== WORK REQUEST ==
Reproduce the whole listing exactly and let no picture into the copy.

== ENTRIES SHOWN ==

=-=-=

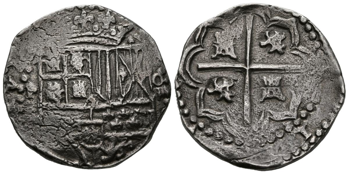 FELIPE II (1556-1598) o FELIPE III (1598-1621). 4 Reales (Ar. 13,39g/30mm). S/D. Potosí. (Cal-2019-tipo 160/148). Ensayador no visible. MBC-.
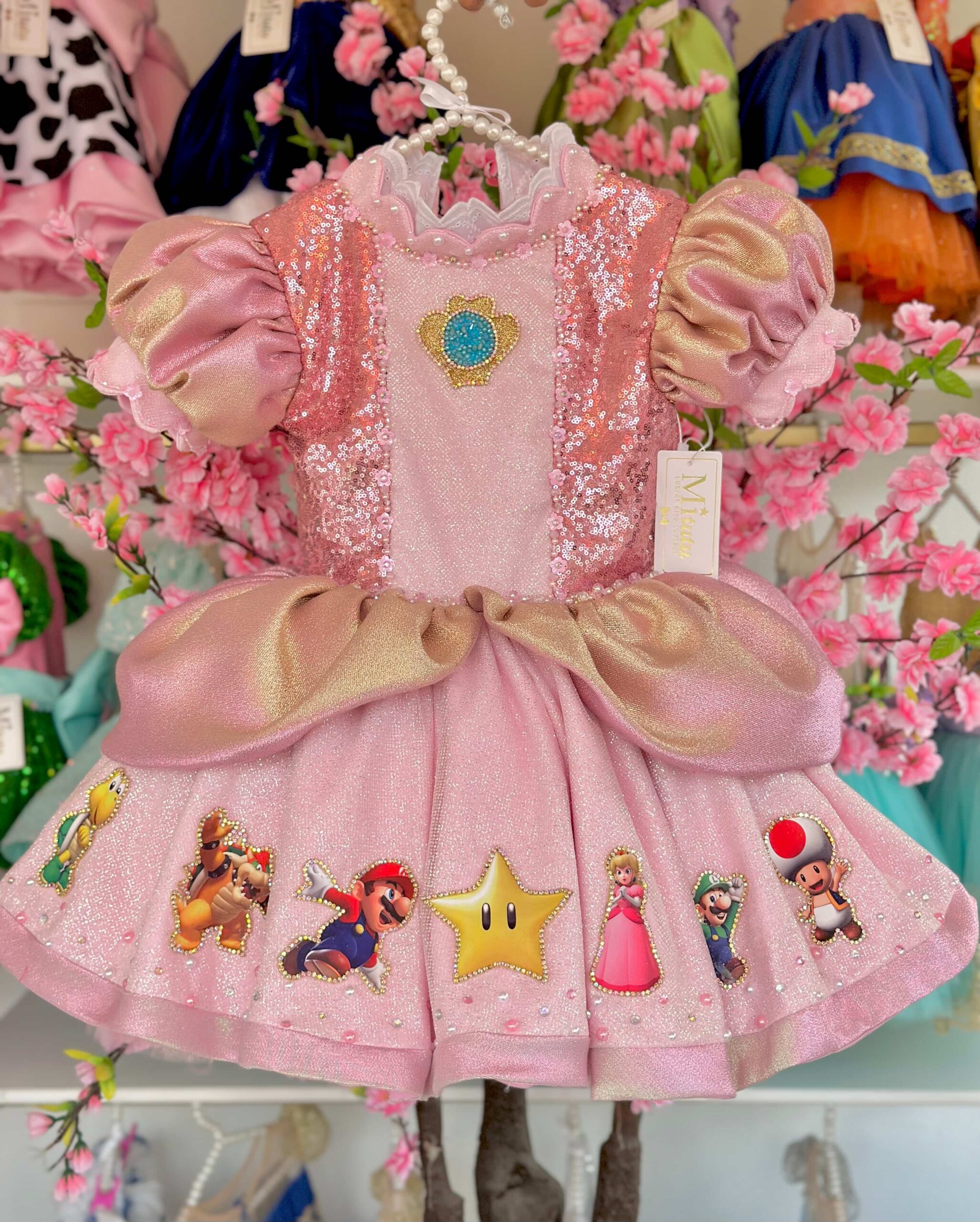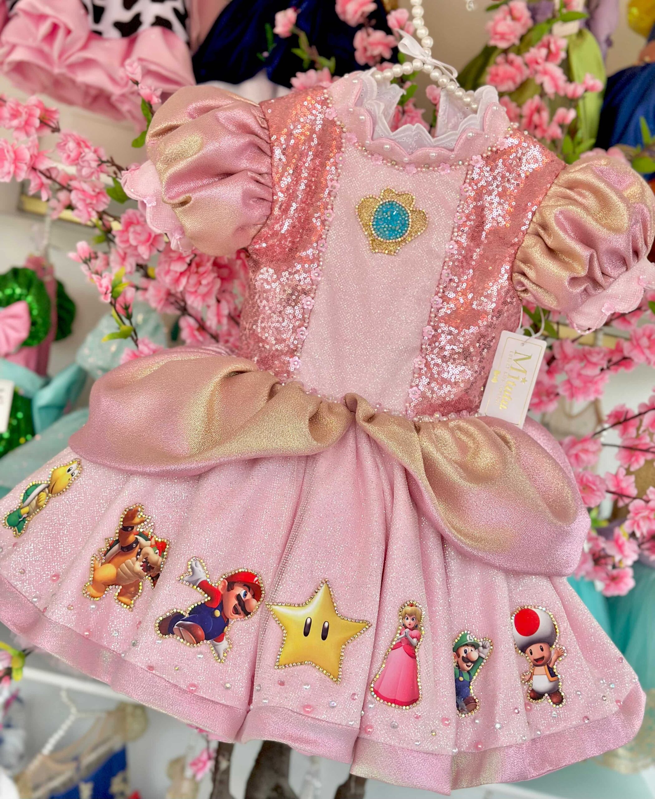 Encantador vestido inspirado en la Princesa Peach de la película de Mario Bros. Cada detalle de este vestidito está adornado con bordados hechos a mano, elevando la calidad y el encanto. Con un modelo corto a la rodilla o modelo largo y una esponjosidad irresistible, este vestido no solo captura la esencia de la princesa favorita, sino que también incorpora a los entrañables personajes de Mario Bros, llevando la magia del reino champiñón a la celebración. Una elección que transformará la ocasión en una fiesta llena de alegría y fantasía.
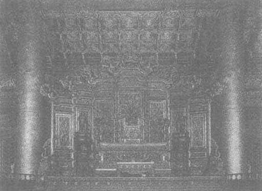 明。宽约170厘米,深约70厘米。北京故宫博物院藏。此椅又称“髹金雕龙大椅”,是明清两代皇帝的御座。“圈椅式”椅背,须弥座式椅腿,椅背四根圆柱上雕数条龙,背板、座板雕着繁缛的花纹,并于表面髹金漆,显得富丽堂皇,气势阔大。精湛的技艺,独特的造型均称得上一流水平,是木器家具中的精品。
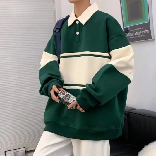 Contrast Color Sweatshirts Men All-match Loose Striped Fashion Turn-down Collar Comfortable Warm Daily Streetwear Chic Leisure
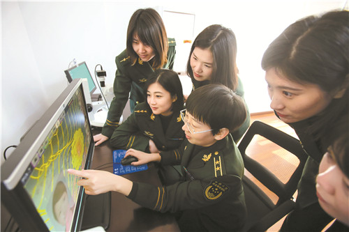 江苏连云港边检站女子办证科主要负责连云港口岸出入境人员和交通运输工具的出入境边防检查工作。为防止不法分子通过伪造证件、签证出入境,女子办证科通过加强识别伪假证件、签证培训,提升检查员查缉伪假证件、签证能力,有力打击非法出入境等不法活动,净化口岸通关环境。图为3月15日,女子办证科的检查员们在一起学习使用文检仪辨别伪假证件。 郑永波 摄
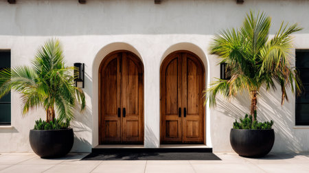 Clean architectural exterior featuring arched wood doors and tropical planters, white stucco wall, black mat in front, perfect balanced symmetry, warm natural tones
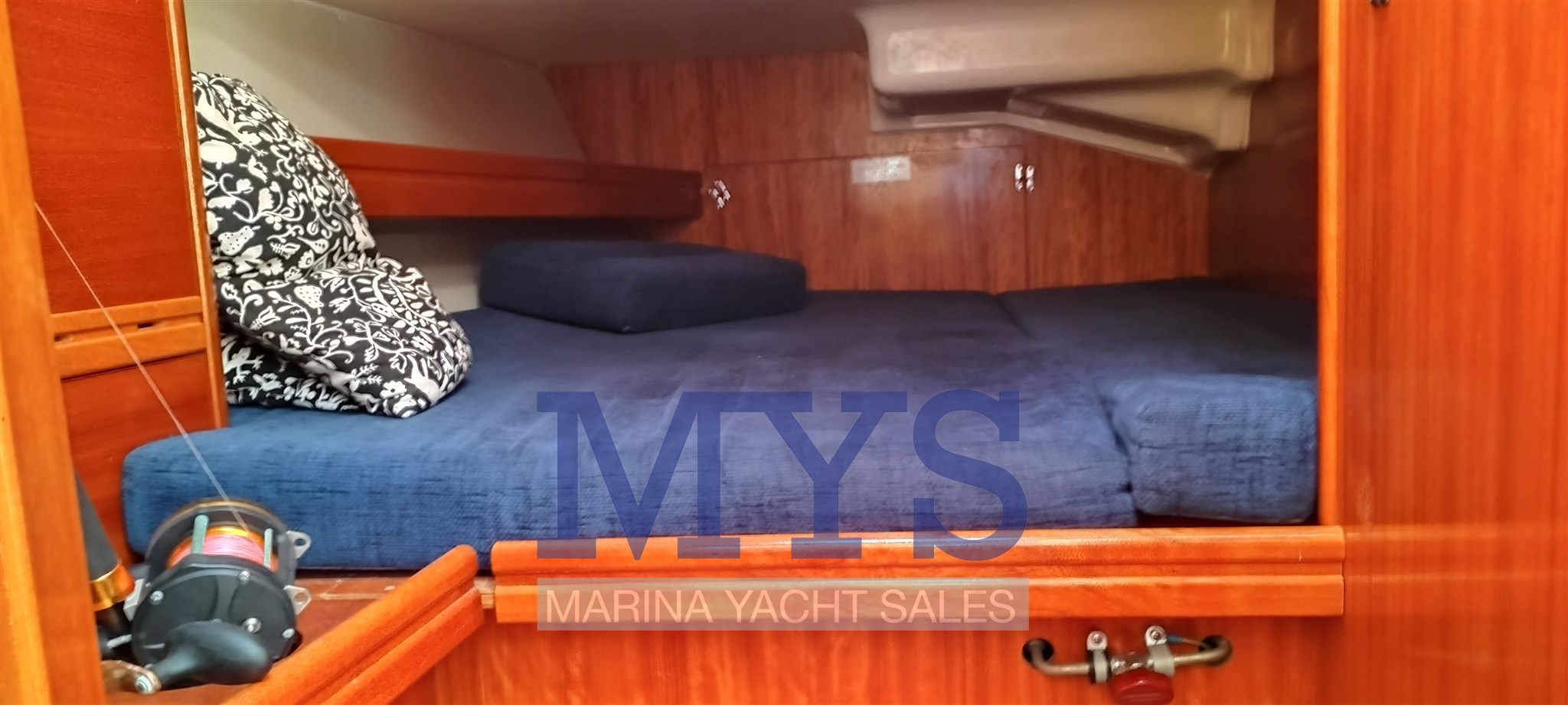 INTÉRIEUR : 3 cabines, 1 WC. Cabine principale avant avec lit double et bon espace de rangement Deux cabines doubles arrière spacieuses et bien éclairées La salle à manger centrale dispose de canapés confortables et d’un espace dédié à la table de carte.

=-=-=

== TASK SOLUTION ==
 FELIPE II (1556-1598) o FELIPE III (1598-1621). 4 Reales (Ar. 13,39g/30mm). S/D. Potosí. (Cal-2019-tipo 160/148). Ensayador no visible. MBC-.
 Encantador vestido inspirado en la Princesa Peach de la película de Mario Bros. Cada detalle de este vestidito está adornado con bordados hechos a mano, elevando la calidad y el encanto. Con un modelo corto a la rodilla o modelo largo y una esponjosidad irresistible, este vestido no solo captura la esencia de la princesa favorita, sino que también incorpora a los entrañables personajes de Mario Bros, llevando la magia del reino champiñón a la celebración. Una elección que transformará la ocasión en una fiesta llena de alegría y fantasía.
 明。宽约170厘米,深约70厘米。北京故宫博物院藏。此椅又称“髹金雕龙大椅”,是明清两代皇帝的御座。“圈椅式”椅背,须弥座式椅腿,椅背四根圆柱上雕数条龙,背板、座板雕着繁缛的花纹,并于表面髹金漆,显得富丽堂皇,气势阔大。精湛的技艺,独特的造型均称得上一流水平,是木器家具中的精品。
 Contrast Color Sweatshirts Men All-match Loose Striped Fashion Turn-down Collar Comfortable Warm Daily Streetwear Chic Leisure
 江苏连云港边检站女子办证科主要负责连云港口岸出入境人员和交通运输工具的出入境边防检查工作。为防止不法分子通过伪造证件、签证出入境,女子办证科通过加强识别伪假证件、签证培训,提升检查员查缉伪假证件、签证能力,有力打击非法出入境等不法活动,净化口岸通关环境。图为3月15日,女子办证科的检查员们在一起学习使用文检仪辨别伪假证件。 郑永波 摄
 Clean architectural exterior featuring arched wood doors and tropical planters, white stucco wall, black mat in front, perfect balanced symmetry, warm natural tones
 INTÉRIEUR : 3 cabines, 1 WC. Cabine principale avant avec lit double et bon espace de rangement Deux cabines doubles arrière spacieuses et bien éclairées La salle à manger centrale dispose de canapés confortables et d’un espace dédié à la table de carte.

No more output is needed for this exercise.